Simple Answer: No
Who: Augustine was a Bishop/Monk/Philosopher in late antique Africa who wrote so prolifically that he became one of the most influential scholars of all time. Somewhere, there’s a college professor talking about him right now.
Background: Poor Augustine has been accused of every kind of evil by modern historians, and he’s not even around to defend himself! He died in 430 a.d. after writing millions of words about his Christian faith and a remarkable amount of his work is extant. The problem is that no one bothers to read his work very well because there’s so much of it. (Or, because they’re lazy.) I’ve read plenty of “serious” Augustinian scholarship written by authors who clearly didn’t know the saint’s work very well and were only accusing him of things so they could make a name for themselves. (That sort of thing is all too common in academia, and Augustine seems to be everyone’s favorite punching bag.)
Accusation: In recent years, Augustine has been accused of saying that music was a sin. Why? Because he once said that he could enjoy church music so much that he would forget to appreciate God and, instead, just appreciate the music.
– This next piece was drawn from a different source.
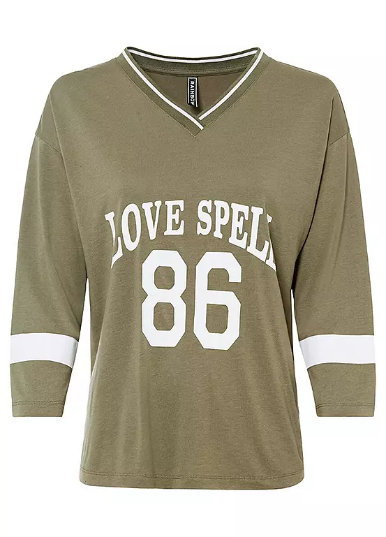 Baggy cotton T-shirt with a print. Machine washable. 50% Polyester, 50% Viscose. Length approx. 60 cm.

Of course, he follows this up by saying that well-performed music is pleasing to God and good for the whole church (he was a much more reasonable person than most scholars will admit), but that’s not the part people remember. (If you don’t believe me, just read his Confessions.) Even though the truth of this is obvious to even the most casual reader, in some circles it’s considered common knowledge that Augustine wanted to ban music for good. That would have been quite a shock to Augustine, who once wrote the following:
But when brethren are assembled in the church, why should not the time be devoted to singing of sacred songs, excepting of course while reading or preaching is going on, or while the presiding minister prays aloud, or the united prayer of the congregation is led by the deacon’s voice? At the other intervals not thus occupied, I do not see what could be a more excellent, useful, and holy exercise for a Christian congregation.
So, let’s let Augustine off the hook for this one. He loved music, and he wanted to hear talented musicians making good music in his churches.